2.2. Pilot Scale Plants

Photo-Fenton and H2O2/UV tests were carried out by means of three different plants (A, B, and C, respectively) with the aim of studying the influence of the UV lamp type (having different energy consumption and emission spectrum) and the reactor shape/geometry, both on the atmospheric oxygen transfer and on process performance. H2O2/UV tests were conducting using all the three plants; photo-Fenton tests were performed on plants A and B.
The main characteristics of the pilot scale plants (Figure 1) are reported below.
  • Plant A consists of a 2 L glass reactor; the cover is welded and a discharge valve is placed on the bottom. An external jacket connected to a cryostat is used for cooling the system. On the central cone a stirring device is applied. In the lateral cone two medium-high-pressure UV lamps are placed: each lamp has a power of 125 W (emission spectrum: 280–400 nm).

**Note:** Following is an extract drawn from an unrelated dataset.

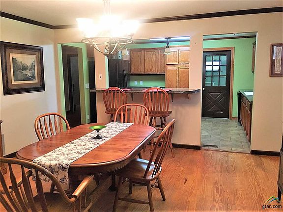 Charming home with lots of character secluded, and nestled among the beautiful shade trees on two acres right in the heart of town. Kitchen has updated appliances and tile flooring, living and dining, as well as hallway and all bedrooms downstairs have beautiful hardwood floors. Living room has fireplace with gas logs. One bedroom downstairs has a faux brick fireplace with gas. Bedrooms are large with spacious closets. The downstairs bath is large, as well. Two bedrooms and a bath upstairs. There are two outbuildings in back. Covered front porch, as well as open deck in back. Sit and relax on the deck looking at country views, but with convenience of being in town!

  • Plant B consists of AISI 316L stainless steel photo-reactor (8 L volume), containing one UV lamp. During the experimental work, two different kinds of lamp were used: the first is a low-pressure lamp with a power of 36 W (emission spectrum: 254 nm); the second is similar but with a power of 120 W. The following advantages may be ascribed to the use of low-pressure lamps: low surface temperature (40–50 °C), high power conversion efficiency (35%–40% of electric energy is converted into useful UV energy) and long duration (8000–10,000 h).
  • Plant C consists of: an AISI 316L stainless steel photo-reactor (10 L volume), a high-pressure UV lamp (power: 10–30 kW; emission spectrum: 200–700 nm), a feeding pump (with flowrate adjustable from 2 to 10 L·min−1), a pump for H2O2 dosage (flowrate adjustable up to 8 mL·min−1), probes for the measurement of flowrate, electrical conductivity, pH, redox potential, and temperature. The UV lamp used in this plant simulates solar radiation.

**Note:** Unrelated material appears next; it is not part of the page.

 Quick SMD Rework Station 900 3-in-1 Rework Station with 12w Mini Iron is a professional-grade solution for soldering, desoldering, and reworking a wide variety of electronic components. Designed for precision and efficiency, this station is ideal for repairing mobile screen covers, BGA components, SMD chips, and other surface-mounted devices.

As regards the Fenton process, each test was carried out with the use of 1 L flask, rapidly mixed (by means of a magnetic stirrer).

2.3. Experimental Tests

During phase I, the high COD aqueous wastes (A.W.#1 and A.W.#2) were submitted to H2O2/UV, photo-Fenton and Fenton processes. During phase II, the Fenton process was tested for the treatment of A.W.#3 to #6, which were characterised by high concentrations of surfactants (see Table 1).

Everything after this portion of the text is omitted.